The alt-right? They’re alt-Reich
In this photo taken Friday, Aug. 11, 2017, multiple white nationalist groups march with torches through the UVA campus in Charlottesville, Va. Hundreds of people chanted, threw punches, hurled water bottles and unleashed chemical sprays on each other Saturday after violence erupted at a white nationalist rally in Virginia. (Mykal McEldowney/The Indianapolis Star via AP)
A so-called “Unite the Right” rally in Charlottesville, Virginia last weekend ended in violence and tragedy.
There were many groups in attendance — on the left and the right — and while both sides engaged in violence, the alt-right has blood on its hands.
Amidst the chaos of protests and counter-protests, a white supremacist is accused of using an ISIS-style tactic, deliberately driving his car through a crowd of leftist activists.
It was a terrorist attack that left one woman dead and 19 injured.
Far from “uniting the right,” this incident underlines the need to shine light on the extremists that have latched onto the conservative movement, and to purge racists and bigots from our midst.
Conservatives must disavow, denounce and distance themselves from this poisonous fringe group.
It’s important that conservatives loudly and clearly call out the racism and bigotry that make up the alt-right, or, what I believe is a more apt description: the alt-Reich.
I call them them that because, like the Nazis in the Third Reich, they are traitors to the Enlightenment tradition and enemies to the West.
They echo Nazi sentiment about race and white nationalism, and use Nazi symbols and slogans.
Far from being patriotic conservatives, these white supremacists argue positions that are counter to core conservative principles of individual liberty, limited government, the rule of law and equality before the law.

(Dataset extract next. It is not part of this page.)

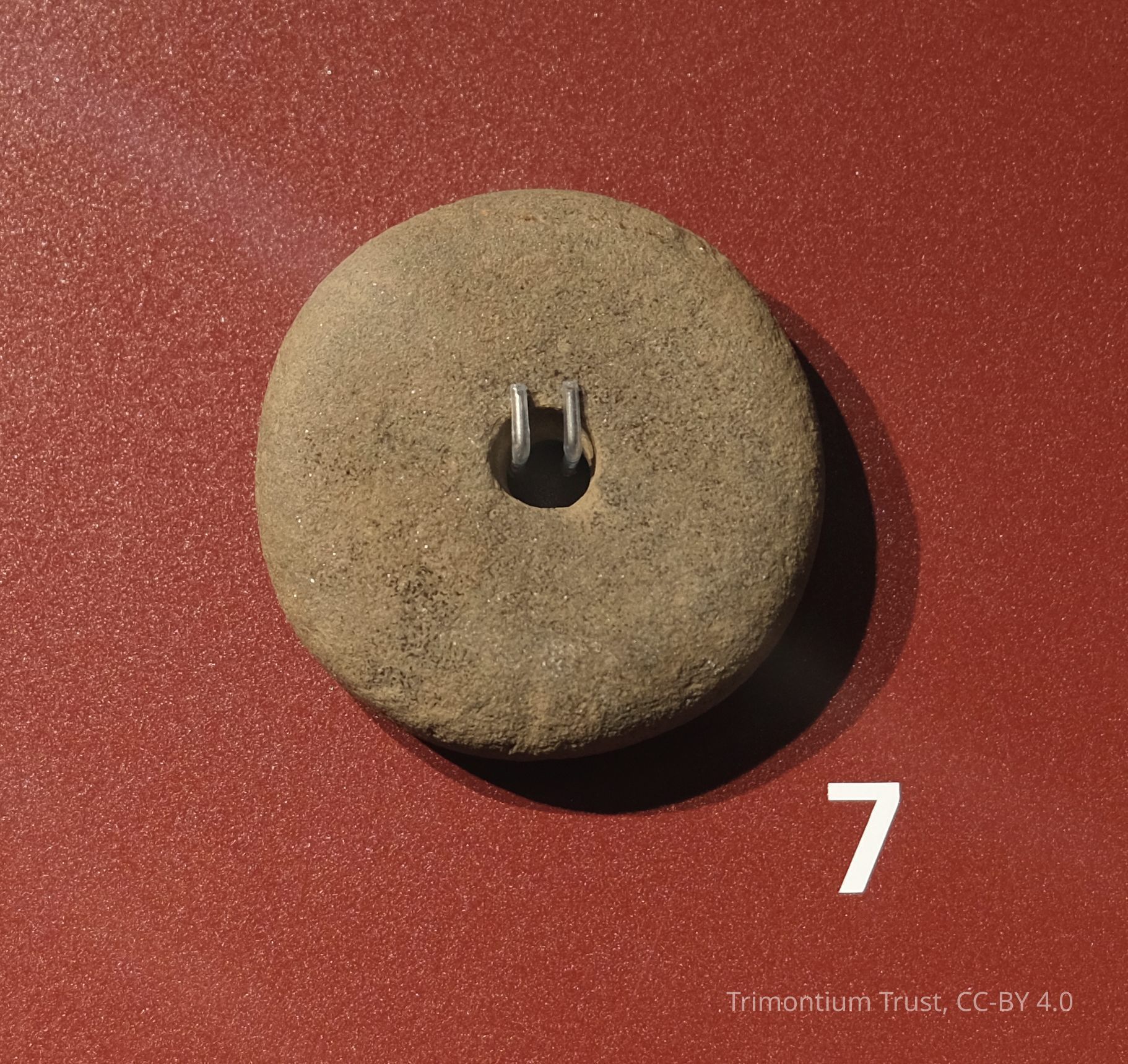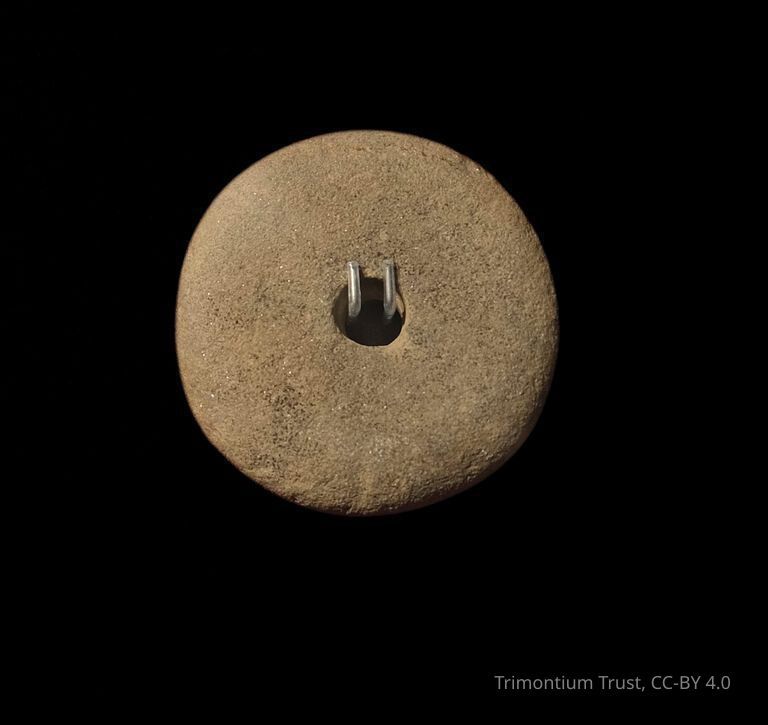 Spindle whorls were used to make thread. A dowel would be inserted though the hole with wool wrapped around it. The whorl would then be spun in order to make the thread.Context

They believe in a collective group identity, whereas conservatives believe in individual rights and responsibilities.
They are obsessed with race, whereas conservatives believe in pluralism, fundamental equality and dignity for every person in society.
They obsess over religious differences, whereas conservatives believe in freedom of religion.
They use violence and intimidation, whereas conservatives advocate for free speech to help resolve our differences.
In fact, the leaders of the alt-right openly reject conservatism.
They talk about the need for big government and the welfare state to promote white nationalism.
Like the original Nazis, these neo-Nazis are national socialists — not conservatives.
Like many of today’s activists on the far-left, the alt-right engages in counter-productive and divisive identity politics.
They’ve taken a page from leftist group victimhood and merged it with an abhorrent ideology and one of the most grotesque chapters in 20th century history.
Conservatives should fight against identity politics of the left, emphasizing what unites us and what makes Western civilization so successful, rather than engage in similar race-baiting.
The alt-right is a fringe group with a small following. But because of its online activity, it’s created the impression of a powerful and growing movement.
That isn’t true.
As conservative author and broadcaster Ben Shapiro pointed out, the great majority of alt-right and anti-Semitic comments comes from fewer than 2,000 online accounts.
That’s not a big movement. It is a loud band of losers.
Every conservative should push these extremists out of our movement, and challenge the leftist narrative that says the alt-right represents all conservatives.
Conservatives should criticize Donald Trump for his initial statement after Charlottesville that failed to call out this evil by name.
The alt-right is to everyday conservatives what extremist hate preachers are to everyday Muslims.
They’re poisonous and their idiocy casts a negative light on the entire community.
Rather than ignoring the alt-right, conservatives should call out their vile worldview and refute their daft ideas.
There is no room for the alt-right inside the modern conservative coalition.